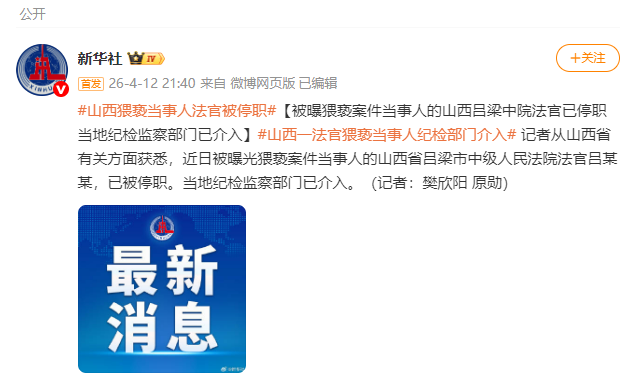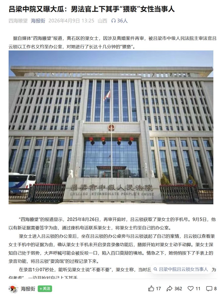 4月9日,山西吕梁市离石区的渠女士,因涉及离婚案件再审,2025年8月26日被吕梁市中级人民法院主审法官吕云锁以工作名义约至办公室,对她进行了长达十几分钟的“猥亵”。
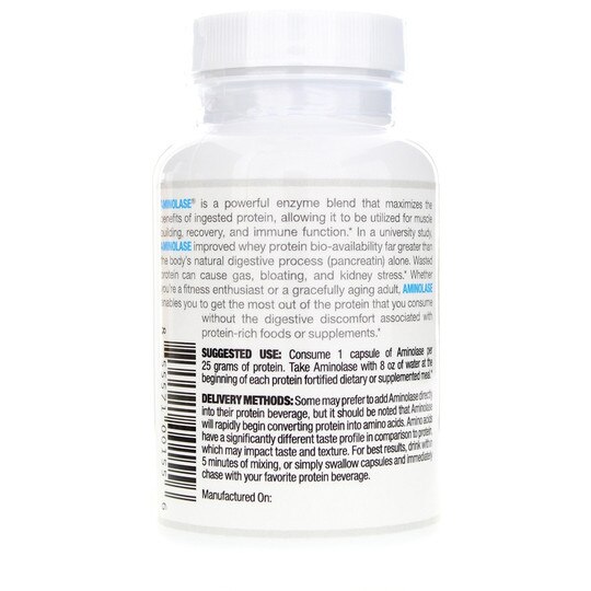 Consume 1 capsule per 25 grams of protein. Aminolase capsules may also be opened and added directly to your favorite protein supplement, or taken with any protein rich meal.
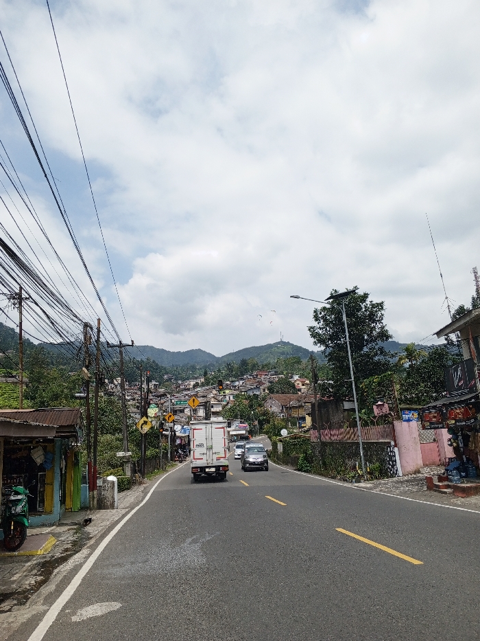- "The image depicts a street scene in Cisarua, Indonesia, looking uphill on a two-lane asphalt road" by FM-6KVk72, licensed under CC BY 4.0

◇ ◇ ◇ ◇ ◇

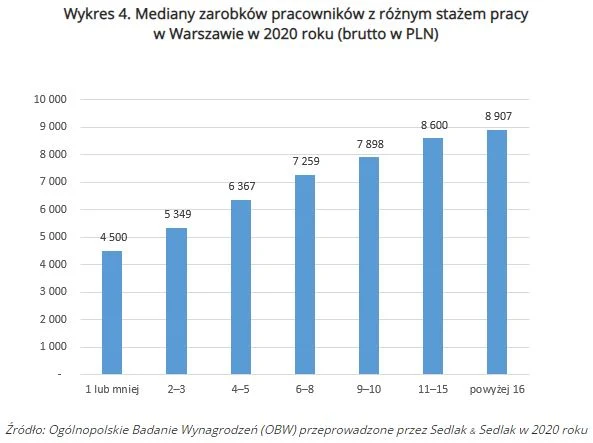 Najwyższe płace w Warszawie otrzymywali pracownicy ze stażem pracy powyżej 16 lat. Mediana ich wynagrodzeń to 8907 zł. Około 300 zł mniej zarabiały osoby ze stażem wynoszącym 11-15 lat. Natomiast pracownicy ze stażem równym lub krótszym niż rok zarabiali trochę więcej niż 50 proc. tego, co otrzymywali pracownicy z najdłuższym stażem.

◇ ◇ ◇ ◇ ◇

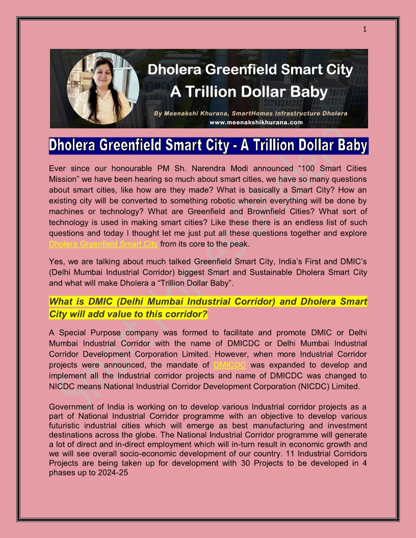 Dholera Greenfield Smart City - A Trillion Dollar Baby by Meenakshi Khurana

◇ ◇ ◇ ◇ ◇

» **What you have to do**: Above are some records. Output exactly the lines from the one that contains "4月9日,山西吕梁市离石区的" to the one that contains "Consume 1 capsule", keeping both, and omit the pictures.

» **Exercise response**:
 4月9日,山西吕梁市离石区的渠女士,因涉及离婚案件再审,2025年8月26日被吕梁市中级人民法院主审法官吕云锁以工作名义约至办公室,对她进行了长达十几分钟的“猥亵”。
 Consume 1 capsule per 25 grams of protein. Aminolase capsules may also be opened and added directly to your favorite protein supplement, or taken with any protein rich meal.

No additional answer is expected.